Spotnews.id – Ribuan buruh terkena pemutusan hubungan kerja (PHK) di berbagai sektor industri padat karya. Namun, Kepala Kantor Komunikasi Kepresidenan Hasan Nasbi menilai kondisi ini harus dilihat secara menyeluruh, termasuk dengan penciptaan lapangan kerja baru. “Kalau melihatnya itu (secara) resultante. Ada penciptaan lapangan kerja baru, mungkin ada yang nutup. Tapi lihat penciptaan lapangan kerja baru,” ujar Hasan di Jakarta.
“Coba cek saja, kalau diadu lebih banyak penciptaan lapangan kerja baru atau yang di PHK,” lanjutnya.
Hasan menyinggung kenaikan purchasing manager’s index (PMI) Indonesia dari 51 ke 53 pada Februari 2025.
“Kalau PMI naik, berarti penciptaan lapangan kerja baru kita cukup baik,” tegasnya. Menurutnya, pemerintah sudah memiliki program jaminan kehilangan pekerjaan (JKP) untuk mengantisipasi dampak PHK. Terkait PHK di PT Sritex Group, Hasan menyebut pemerintah sudah menyiapkan skema penanganan. “Yang Sritex sudah diumumkan ada skema-skema untuk menyelamatkan mereka,” kata Hasan.
Gelombang PHK Meluas Konfederasi Serikat Pekerja Indonesia (KSPI) melaporkan PHK di sejumlah perusahaan manufaktur sejak awal 2025. -Sanken Indonesia: Hampir 1.000 pekerja terdampak akibat penutupan pabrik. -Yamaha Music Indonesia: Lebih dari 1.000 buruh terkena PHK akibat relokasi pabrik ke China. -PT Tokay Bekasi: Ratusan buruh mengalami PHK. -PT Sritex Group: Mem-PHK 10.669 karyawan pada Januari-Februari 2025. Presiden KSPI Said Iqbal menyebut ribuan pekerja di industri otomotif, terutama di sektor pabrikan truk dan dump truck, juga terancam PHK akibat meningkatnya impor truk dari China.

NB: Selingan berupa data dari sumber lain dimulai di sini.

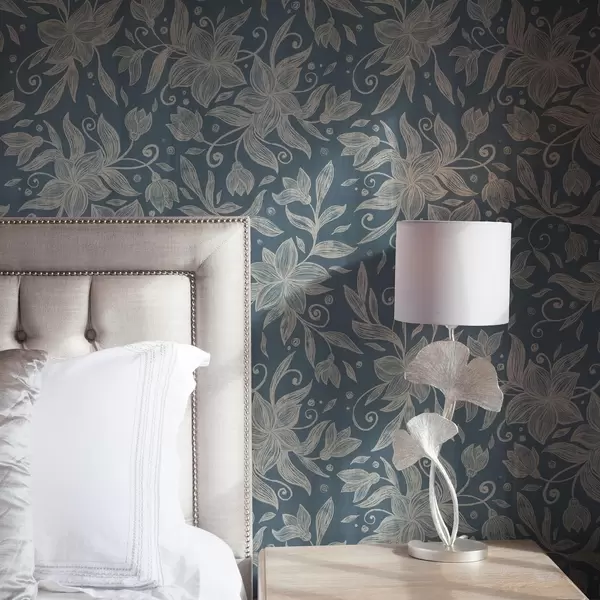 Papel pintado Flores lineales color crema sobre fondo azul, delicados arabescos Nr. a00630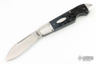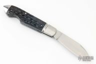This Easy Open Slipjoint by Casey Berryhill features a hand rub satin finished blade with nail nick. The handle has fluted stainless steel bolsters with integral liners with fileworked spines, black jigged bone covers, stainless steel escutcheon and spring. Has half-stop, flush in all positions. New from maker. Comes with a zippered case and a COA dated 02/2024.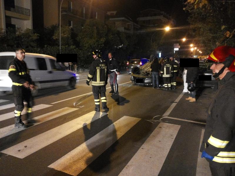 GROTTAMMARE – Grottammare, ore 18.30 circa, una fiat punto, guidata da un cittadino straniero, proveniente da San Benedetto del Tronto e diretta verso Cupra Marittima, si è capovolta all’altezza delle scuole elementari Speranza lungo la statale SS. 16 di Grottammare.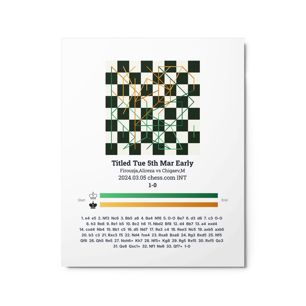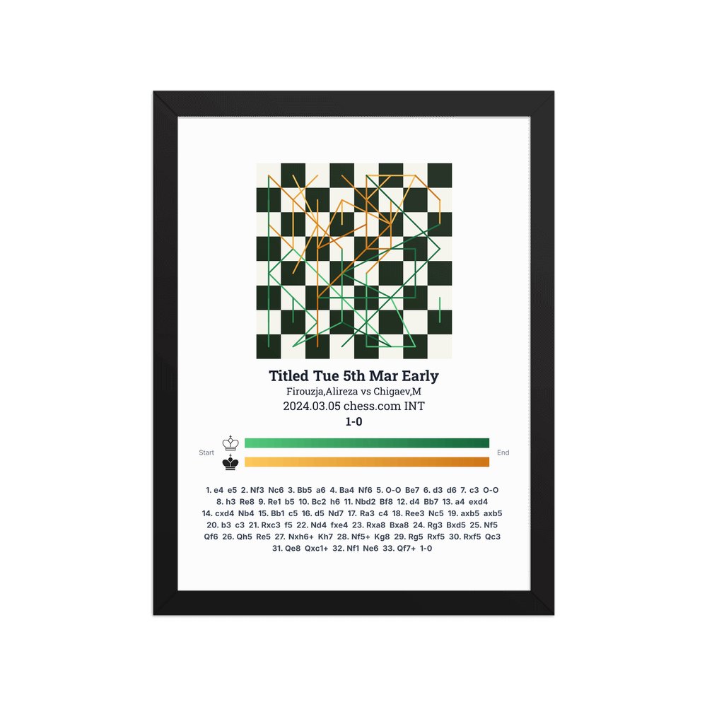 Museum-quality poster on thick, durable matte paper. A sharp, clean look for any chess visualisation.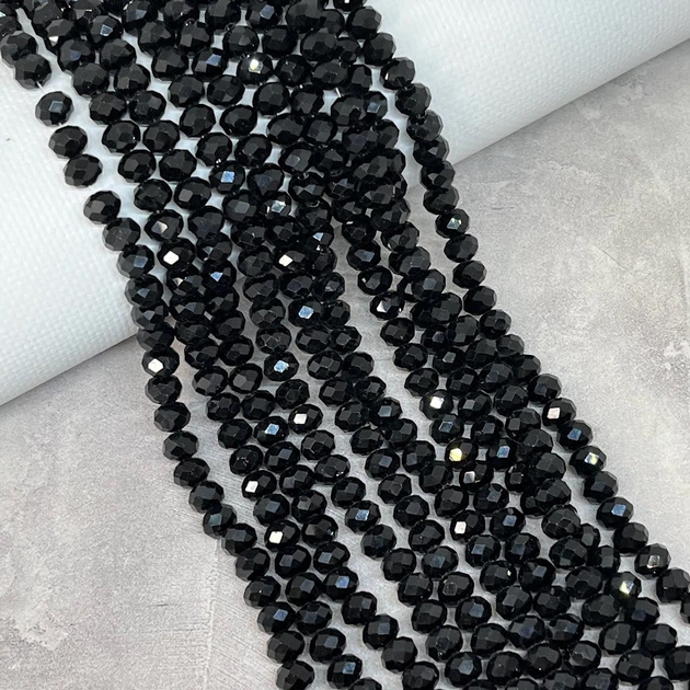 Намистини Хрусталь - Rondelle, 8 мм, колір -чорний (Black), 65-68 шт, 1 нитка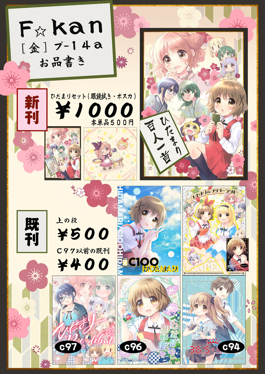 冬コミ1日目参加のF☆kanのお品書きできました! 追記あれば下やハッシュタグ #fkanC101 に書いておきます。 よろしくお願いいたします。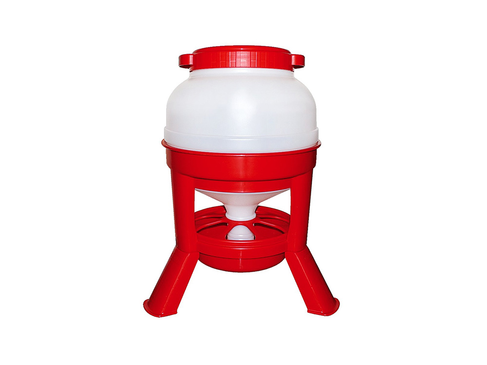 Kunststof voedersilo voor kippen, eenden, ganzen, fazanten,... met een afsluitbaar voederreservoir van 20 liter. Je kan de silo zowel met als zonder de poten gebruiken.

“(Buruh yang terkena PHK sejak Januari-Februari 2025) sekitar 3.000 orang dan akan bertambah,” ujar Iqbal
Iqbal menilai pemerintah tidak berbuat cukup untuk mencegah gelombang PHK ini. Ia menyebut Menteri Investasi, Menteri Ketenagakerjaan, Menteri Perindustrian, Menteri Perdagangan, dan Menteri Koordinator Perekonomian bertanggung jawab atas kondisi ini.
PMI Manufaktur Naik, Industri Masih Ekspansif Di sisi lain, Kementerian Perindustrian (Kemenperin) melaporkan industri manufaktur mencatat tren positif di awal kuartal pertama 2025. S&P Global mencatat PMI manufaktur Indonesia naik ke level 53,6 pada Februari 2025, meningkat 1,7 poin dari Januari yang berada di angka 51,9. PMI di atas 50 menandakan ekspansi. Menteri Perindustrian Agus Gumiwang Kartasasmita menyebut ekspansi ini sebagai yang tertinggi dalam 11 bulan terakhir. Indeks Kepercayaan Industri (IKI) juga menunjukkan peningkatan ke level 53,15.

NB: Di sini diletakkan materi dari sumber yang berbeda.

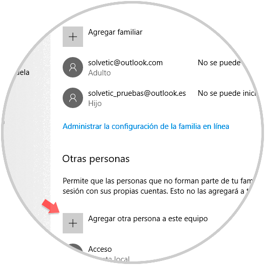 Allí pulsamos en el botón “Agregar otra persona a este equipo” y crearemos una cuenta local, no cuenta de Microsoft, para Windows 10: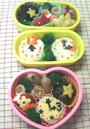 今月のお弁当はいきなり親子遠足から始まった・・・親子遠足日の3人分のお弁当「お弁当(中身)は何にしようかな~?」そうBBに聞いたら、即答で「あんぱんまん」自分も身支度あるのにできるかな???出発時間がいつもの登園バスより1時間後だったのでなんとかリクエストに応えられてよかった~。(その分、自分用は超手抜き)行き先はフラワーパーク花好きの私にとっては、「色んなお花を楽しめる」ちょっと期待していたけれど・・・お弁当食べたら広~い芝生広場で駆け回るBBに追いかけながら交渉したけれど「ここで遊ぶーーーー♪」他のママ友に「行ってらっしゃ~い」と見送ってお花散策は諦めることに先週のお弁当BBのお弁当箱を2段の大きめのモノに変えてみたら大喜び!!「ボク、大きいお弁当でも早く食べられるよ♪」こう話すBBだけど・・・朝ごはんは、どうしてそんなに食べるのが遅いの???私も最後の仕上げの海苔cutがなかなか上手くできずにキッーーーーとなり、時間切れへなちょこ眉毛のアンパンマン♪今日のお弁当飽きもせずまたアンパンマン弁当。遠足のため、小さなお弁当箱。何回作ってもなかなか上手くできない上手くできないのは私のセンスの問題だわC子は昨日から初めて幼稚園を休んだ。楽しみにしていた幼稚園を休むことになり、大泣きそれに高熱が出た割には元気があってなかなか大人しく寝ていてくれない。早く良くなるには少し、静かに過ごして欲しいのにな・・・明日にはまた元気いっぱいに登園できそう♪お兄ちゃんのA朗は今日から2泊3日の林間学校。お弁当持参だったので巨大おにぎり3個とおかず少々。(撮っている時間がなかった)先日の遠足のおにぎりが足りなかったようなので今日はボウル一杯分量のおにぎり最近のA朗、少しずつ食欲が増えてきたよう。少食から脱皮しつつあり、嬉しく感じる。それでもまだまだモヤシ体系のA朗、大きなリュックに寝袋セットしてヨロヨロしながら出かけていった夜は天体観測にキャンプファイヤーがあり、とても楽しみにしていた。どんなにたくましく成長してくるのかな?

“Ini menandakan sektor industri manufaktur terus berkembang dengan optimisme yang cukup tinggi di awal tahun,” ujar Agus di Jakarta.
Menurutnya, meski menghadapi dinamika politik dan ekonomi global, industri manufaktur nasional tetap menunjukkan kepercayaan tinggi. PMI manufaktur Indonesia juga melampaui sejumlah negara, seperti Amerika Serikat (51,6), Taiwan (51,5), Filipina (51,0), China (50,8), Thailand (50,6), Malaysia (49,7), Vietnam (49,2), Jepang (48,9), Myanmar (48,5), Jerman (46,1), dan Inggris (46,4). “Indonesia mencatatkan pertumbuhan tertinggi di ASEAN. Bahkan juga melampaui negara-negara manufaktur global yang masih mengalami fase kontraksi,” kata Agus.